All that is wanted is the exact text of the lines below from the one with "Balsam chiński oferuje" through the one with "Ce chasse-neige cemporte", inclusive, minus any pictures.

[[ THE INPUT open ]]

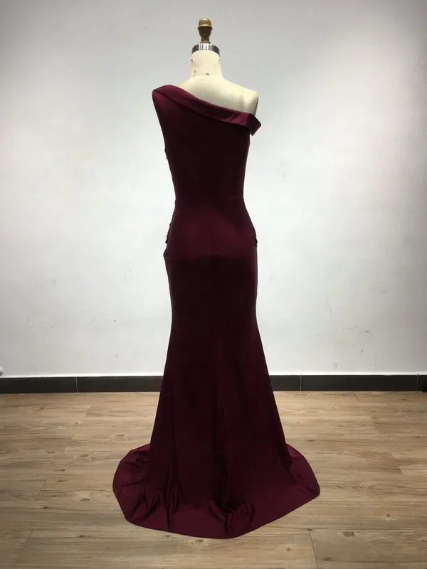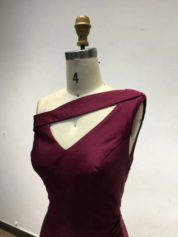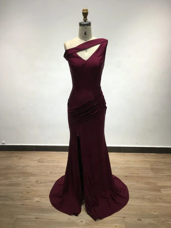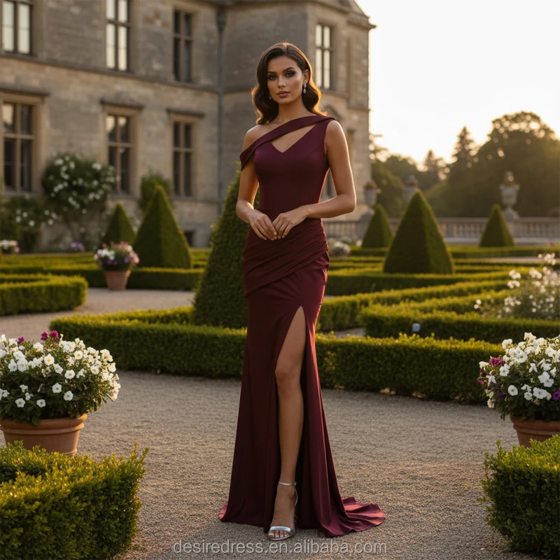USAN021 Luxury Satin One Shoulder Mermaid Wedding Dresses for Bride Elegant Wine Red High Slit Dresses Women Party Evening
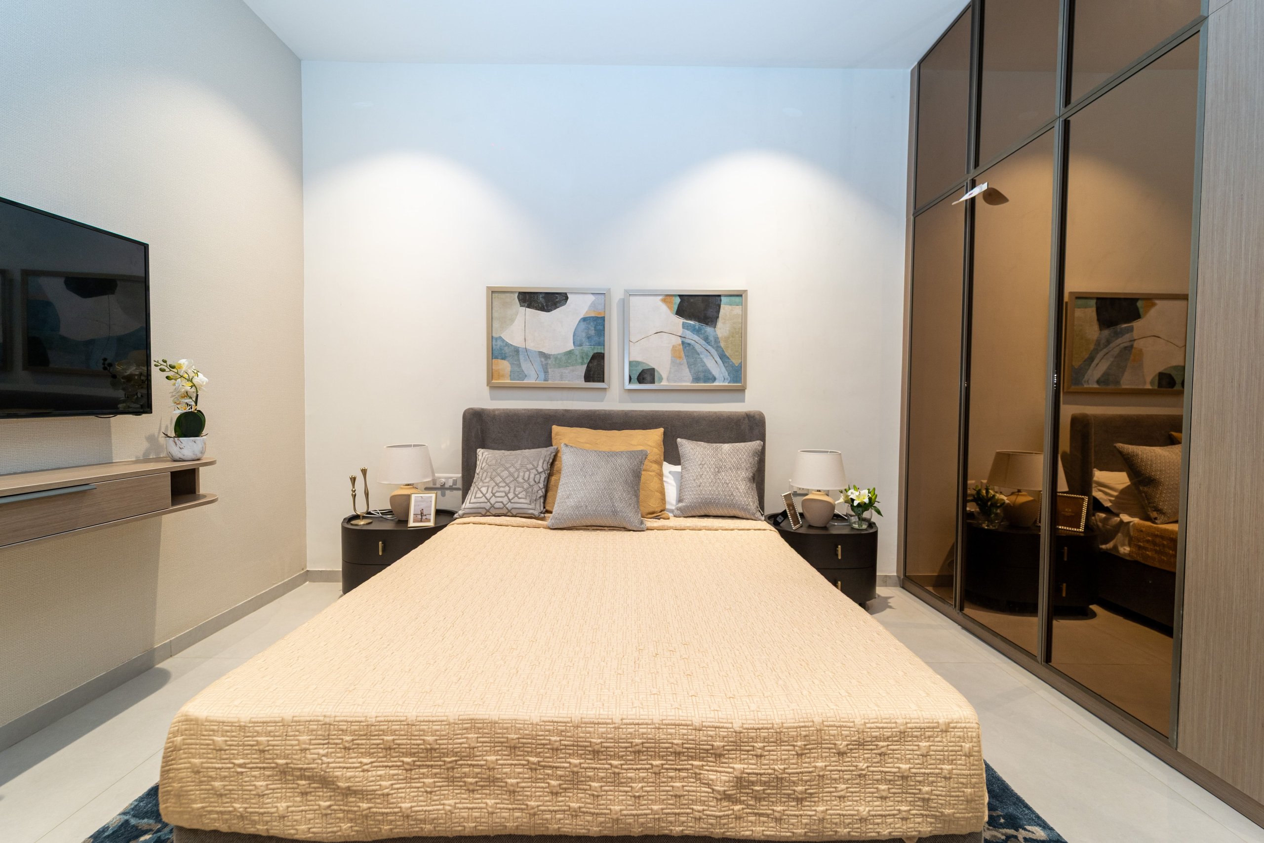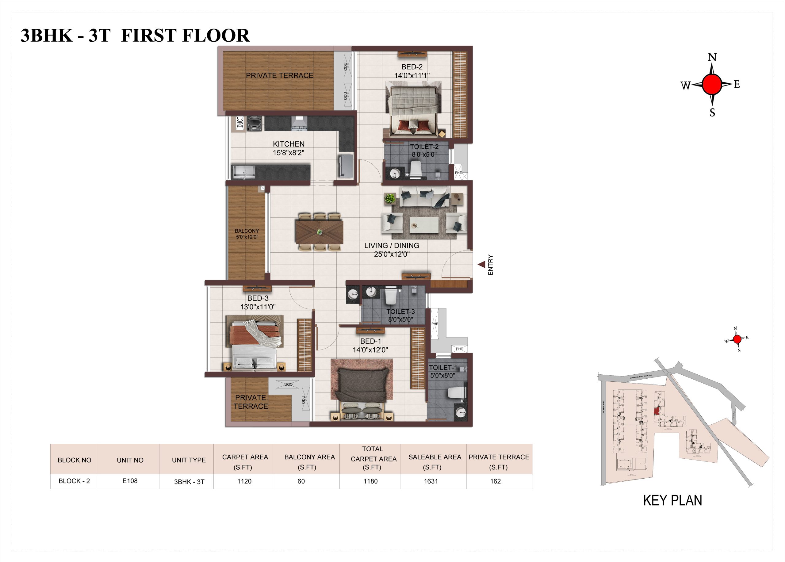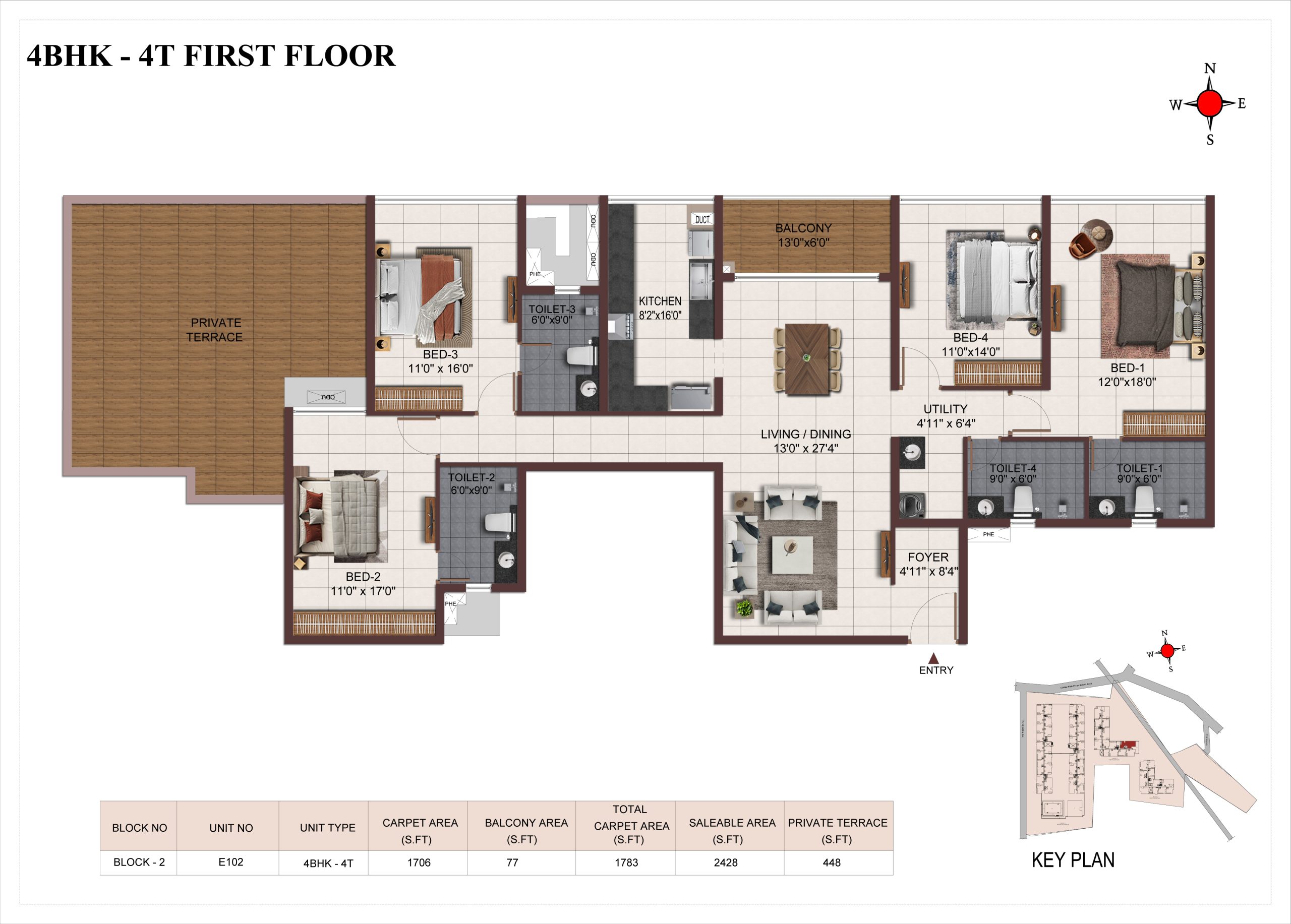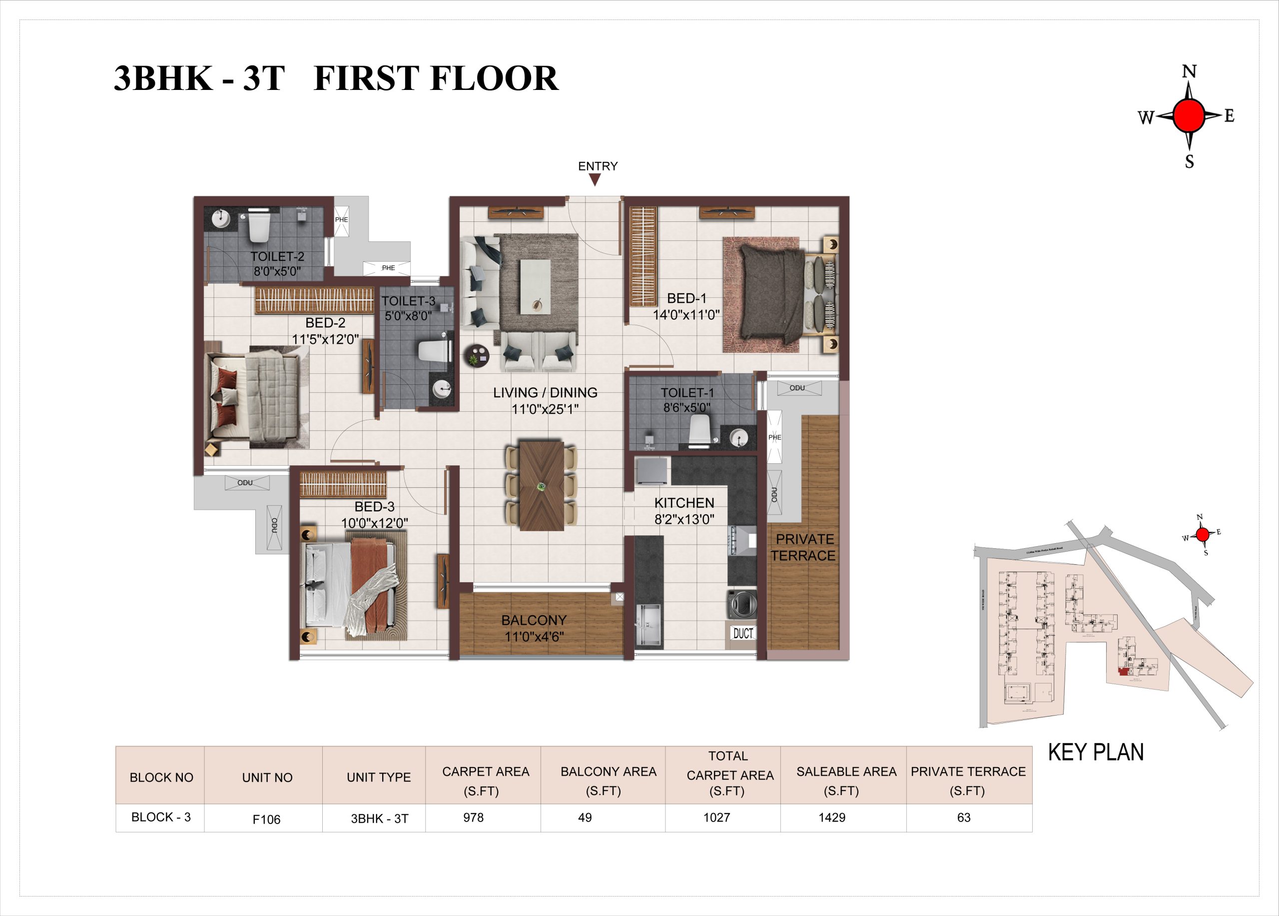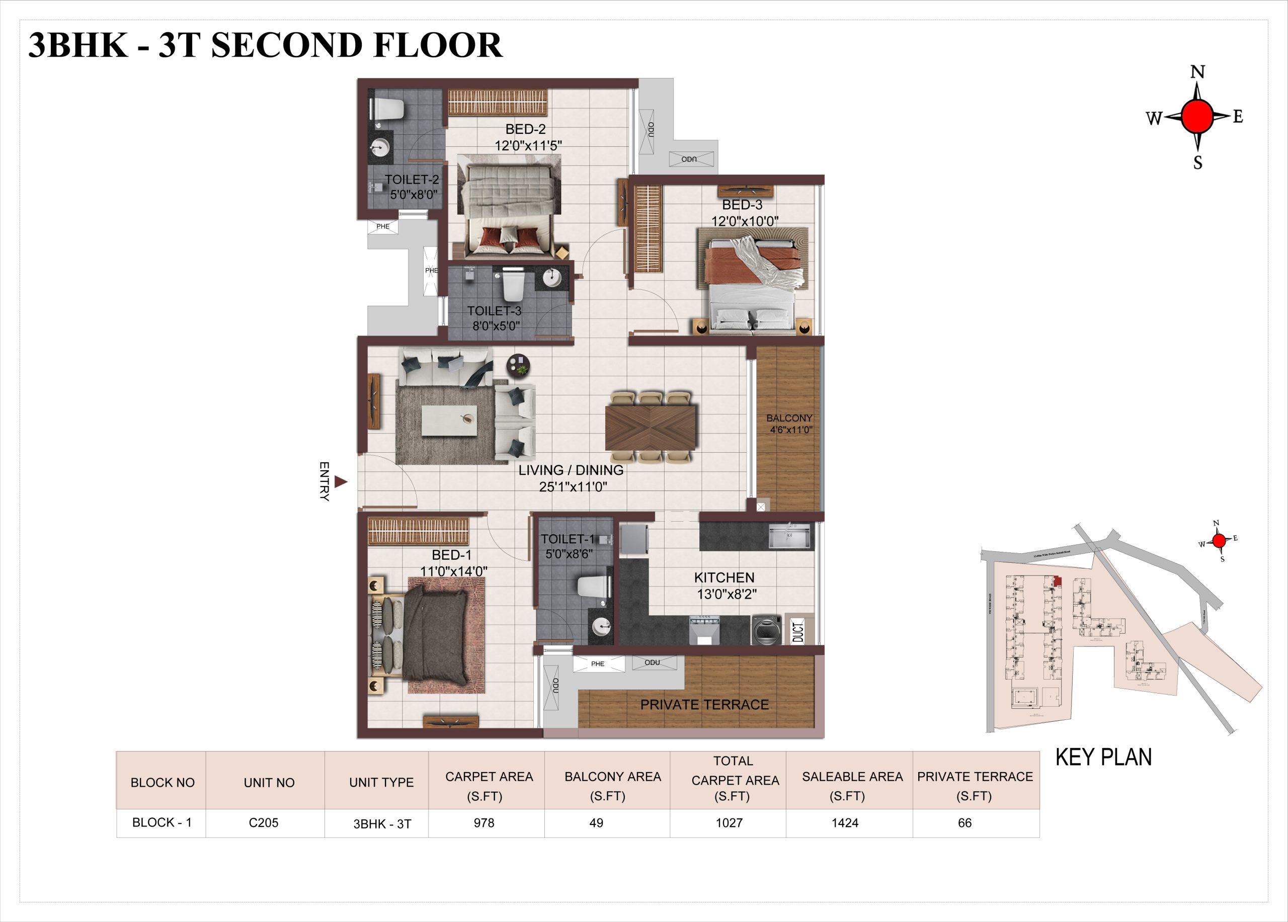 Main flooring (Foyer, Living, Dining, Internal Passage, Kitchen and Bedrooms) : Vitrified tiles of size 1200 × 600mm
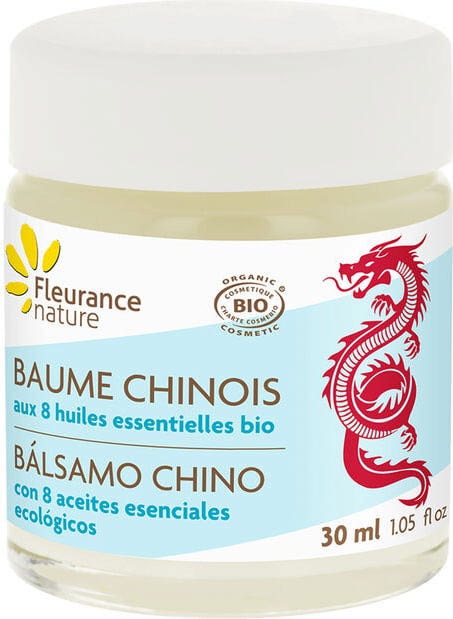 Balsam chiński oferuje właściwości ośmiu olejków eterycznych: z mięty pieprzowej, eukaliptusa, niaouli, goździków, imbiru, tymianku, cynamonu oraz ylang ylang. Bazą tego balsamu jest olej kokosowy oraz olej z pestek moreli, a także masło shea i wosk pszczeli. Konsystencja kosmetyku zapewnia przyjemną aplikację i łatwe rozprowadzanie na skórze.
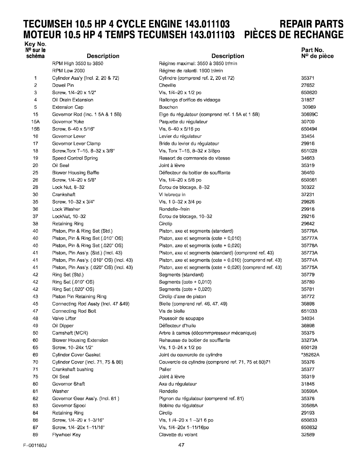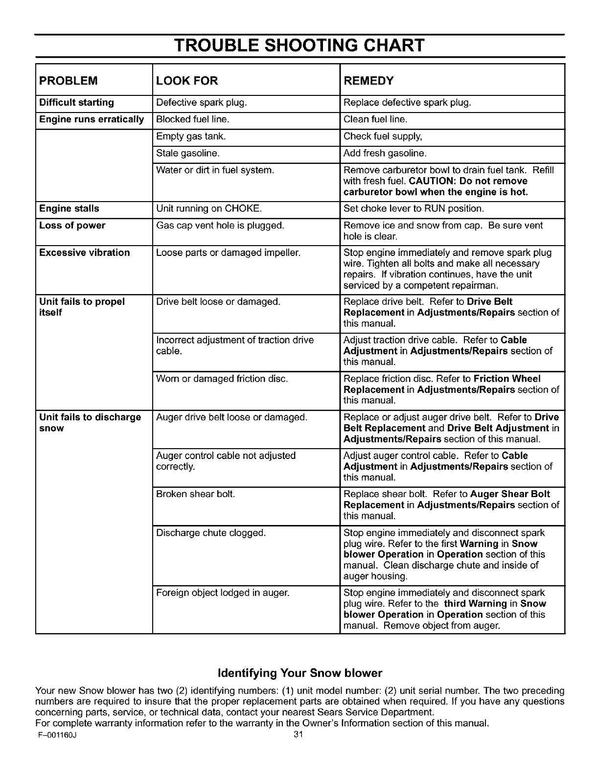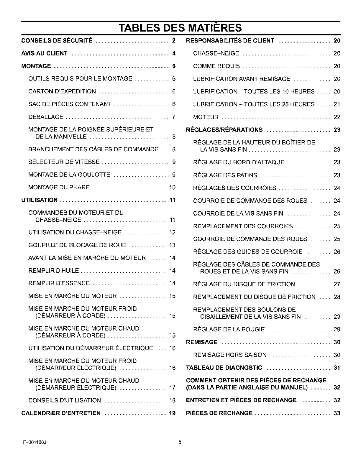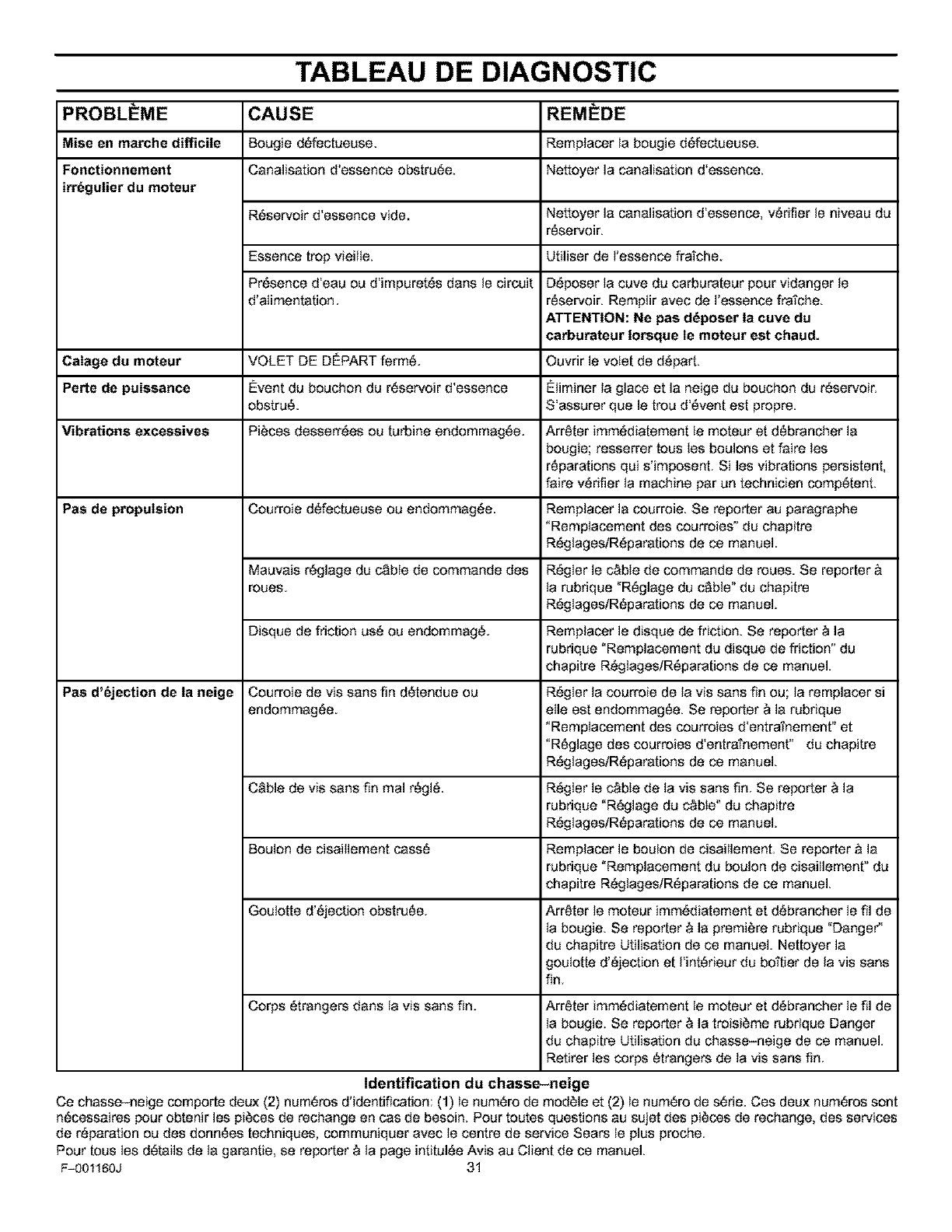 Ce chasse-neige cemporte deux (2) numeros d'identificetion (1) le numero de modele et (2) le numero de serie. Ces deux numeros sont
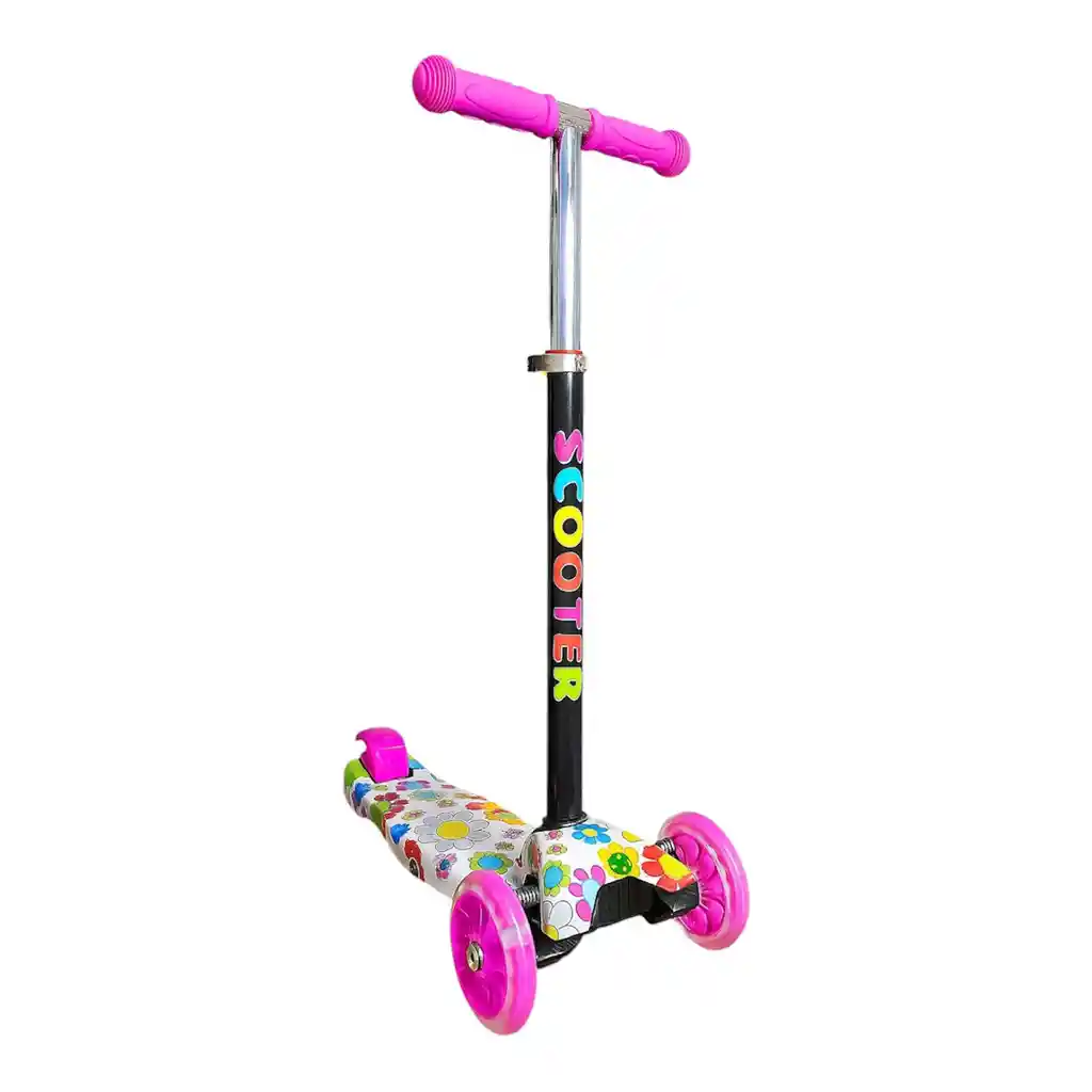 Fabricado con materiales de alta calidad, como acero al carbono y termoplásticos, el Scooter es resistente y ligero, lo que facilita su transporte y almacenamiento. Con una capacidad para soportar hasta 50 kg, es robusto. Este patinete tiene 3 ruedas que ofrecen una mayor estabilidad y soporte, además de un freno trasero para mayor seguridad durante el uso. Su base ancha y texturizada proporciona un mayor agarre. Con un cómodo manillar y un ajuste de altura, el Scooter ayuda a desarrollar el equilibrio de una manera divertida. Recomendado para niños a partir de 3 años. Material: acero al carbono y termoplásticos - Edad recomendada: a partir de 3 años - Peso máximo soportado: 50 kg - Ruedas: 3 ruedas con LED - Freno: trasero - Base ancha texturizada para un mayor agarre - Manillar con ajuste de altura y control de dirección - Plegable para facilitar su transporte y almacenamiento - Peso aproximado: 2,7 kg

[[ THE INPUT closed ]]

* YOUR RESPONSE:
 Balsam chiński oferuje właściwości ośmiu olejków eterycznych: z mięty pieprzowej, eukaliptusa, niaouli, goździków, imbiru, tymianku, cynamonu oraz ylang ylang. Bazą tego balsamu jest olej kokosowy oraz olej z pestek moreli, a także masło shea i wosk pszczeli. Konsystencja kosmetyku zapewnia przyjemną aplikację i łatwe rozprowadzanie na skórze.
 Ce chasse-neige cemporte deux (2) numeros d'identificetion (1) le numero de modele et (2) le numero de serie. Ces deux numeros sont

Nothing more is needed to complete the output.